Her tone was casual, if dignified, but she watched him with narrow fearfulness.
He did not answer. He looked down at the doll, and the little savage brown head with its matted hair. He stood there, seeming to have sunken into a dark pit of preoccupation, in which she had no part. The hand which rested on the table had an unfamiliar slackness and distortion about it, to her alert eyes. It was the hand of a man who had suffered unbearable pain, and had collapsed under that pain. With alarm, she saw how emaciated Karl had become, and how dishevelled. His expression, as he stood there, was dazed and unaware, like that of one caught in some delirium from which he could not escape. He raised his other hand, passed it over his head. It was trembling, the nails bluish. His slightly parted lips were the color of lead.
“Karl,” she said softly, as though fearing to wake a sleepwalker too suddenly, “come into the breakfast room and have some coffee with me.” She did not touch him, but waited, her knees shaking.
All at once he sighed brokenly. He lifted his head and seemed to see clearly and sharply. He looked about him, helplessly. His eyes came to focus on his wife’s face, and a burning flush ran over his cheeks, as though he were suddenly and hideously ashamed.
“Yes, I’ll have some coffee with you, Therese,” he said, in a voice like an echo. He went to the breakfast room with her. He drank coffee. He listened, faintly smiling, to her firm and casual remarks about the weather and the poor quality of the breakfast rolls, and the bad butter.
“It is as bad as the wartime,” he said. All at once he seemed vaguely concerned. “Therese, you seem tired and pale. Why do you not go out and walk in the fresh air? It seems a nice day.” He lifted his head and looked at the sunshine with the incredulity of a man who has slept, unconscious, for, days.
Her heart leapt with hope. “Will you come with me, Karl?”
He hesitated, then shook his head. “I am exhausted,” he answered simply.
“Then, will you lie down again, and rest?”
To her joy, he said, after another hesitation: “Yes, I will.”
She saw him safely to his room. She helped him undress. When she went out, on tiptoe, he was already asleep. Before he slept however, he had touched his cold lips to the back of her ministering hands.
She felt enormously relieved. And now, to get rid of that frightful box! She went to the study. She tried the door. She could not remember Karl’s having locked it, but it was locked.
But she would not let herself be frightened again. She went to her own room to get a book. Then she heard the telephone ringing and went to answer it.
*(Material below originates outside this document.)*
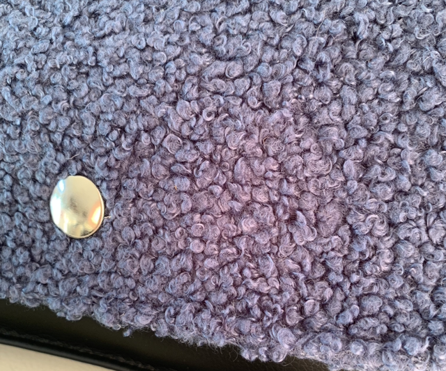 Un modèle plein de charme, qui associe un tissu bouclette cocooning à un simili cuir noir lisse.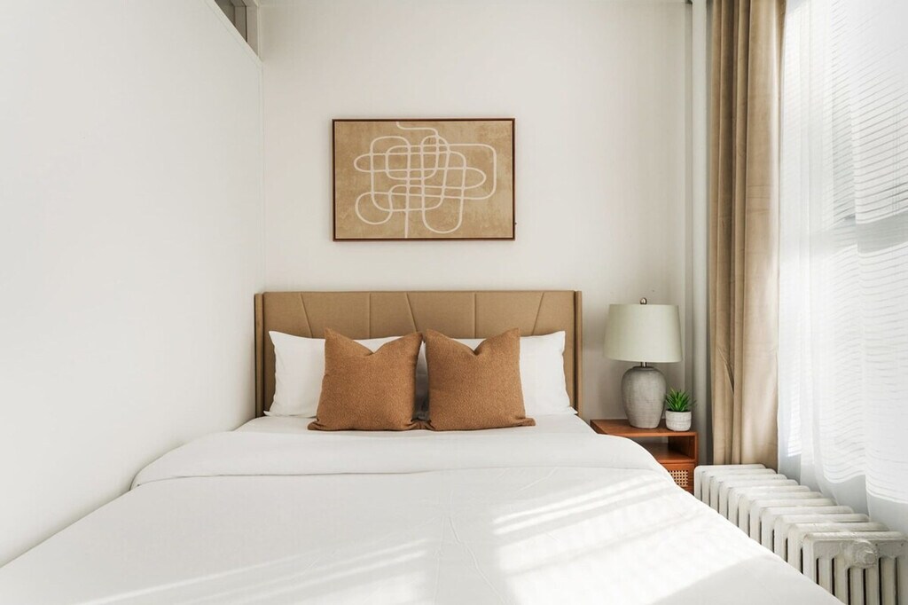 Welcome to your urban sanctuary in the heart of Hell's Kitchen. Indulge in the allure of New York City living with this exquisitely designed 2-bedroom, 1-bathroom apartment. This newly furnished apartment offers a warm and inviting space, perfect for business or leisure stays. Featuring a fully equipped kitchen, cozy queen-size beds with memory foam mattresses, and all essential linens and towels, it’s designed for comfort and convenience. Relax in the stylish living room with a comfortable sofa and a 50” Smart TV, and enjoy high-speed Wi-Fi with all utilities included. The secure building features an elevator and code-access doors, while AC and heating ensure year-round comfort. Step into a warm and inviting space where comfort meets convenience. This newly furnished 2-bedroom, 1-bathroom apartment is thoughtfully designed to make you feel at home, whether you're staying for a business trip or a fun visit in the city. The kitchen is fully equipped with kitchenware, utensils, and modern appliances—perfect for preparing home-cooked meals or quick snacks. Each bedroom features a cozy queen-size bed with a plush memory foam mattress, ensuring a restful night's sleep. Soft towels, linens, blankets, and pillows are provided, so you can settle in with ease. Unwind in the stylish living room, complete with a comfortable sofa and a 50” Smart TV, perfect for relaxing after a long day. High-speed Wi-Fi and all utilities are included, offering a seamless and stress-free experience. The building provides both security and convenience, featuring an elevator and secure code-access doors for peace of mind. Stay comfortable year-round with air conditioning for warm summer days and heating for cozy winter nights. Hell's Kitchen, located on the west side of Manhattan, is a neighborhood that exudes vibrancy, character, and urban charm. With its rich history and diverse community, Hell's Kitchen offers a unique and captivating atmosphere that captures the essence of New York City living. Strolling through the streets of Hell's Kitchen, you'll encounter a fusion of old and new, as historic brownstones coexist alongside sleek high-rises. The neighborhood is known for its bustling streets, lined with an eclectic mix of trendy restaurants, cozy cafes, and vibrant bars. From renowned dining establishments to hidden gem eateries, Hell's Kitchen is a culinary paradise that caters to every palate. New York City's heating season is until the end of May. Beginning around mid-April, window air conditioning will be installed in the apartment. You can request an earlier installation if needed. [SI]

It was Maria, Kurt’s wife. Her voice sounded impatient but somewhat concerned. “Therese? Kurt asked me to inquire about his brother today. No, he did not go to the University this morning. He is in bed.”
In spite of all her efforts, Therese felt faint and giddy. She clutched the telephone with desperate firmness.
“What is the matter with him, Maria? I am so sorry!”
She could almost see her sister-in-law shrug her massive shoulders.
“You know these men! They scream at a pin-prick. I have no doubt there is really nothing much the matter. He has been complaining for a week or two of an intense pain in his head. But things have been so tragic—It is nerves, or eyestrain, but he is too stubborn to admit he needs spectacles. A confession of age! But there it is: this morning, he said the pain was unbearable, and I have sent for the doctor.”
Therese replaced the receiver silently, slowly.
She was trembling violently, as she sat in the chair. A curious prickling ran over her head, seemed to raise her hair. Her whole body was covered with a deathly coldness and dampness.
She clenched her hands convulsively together in her lap; nails entered flesh. She said aloud, staring blindly, savagely, before her:
“I must control myself. I must not be a fool. I must remember that such things do not exist. It is only coincidence! To think for a moment that it is anything else is to confess madness, too.”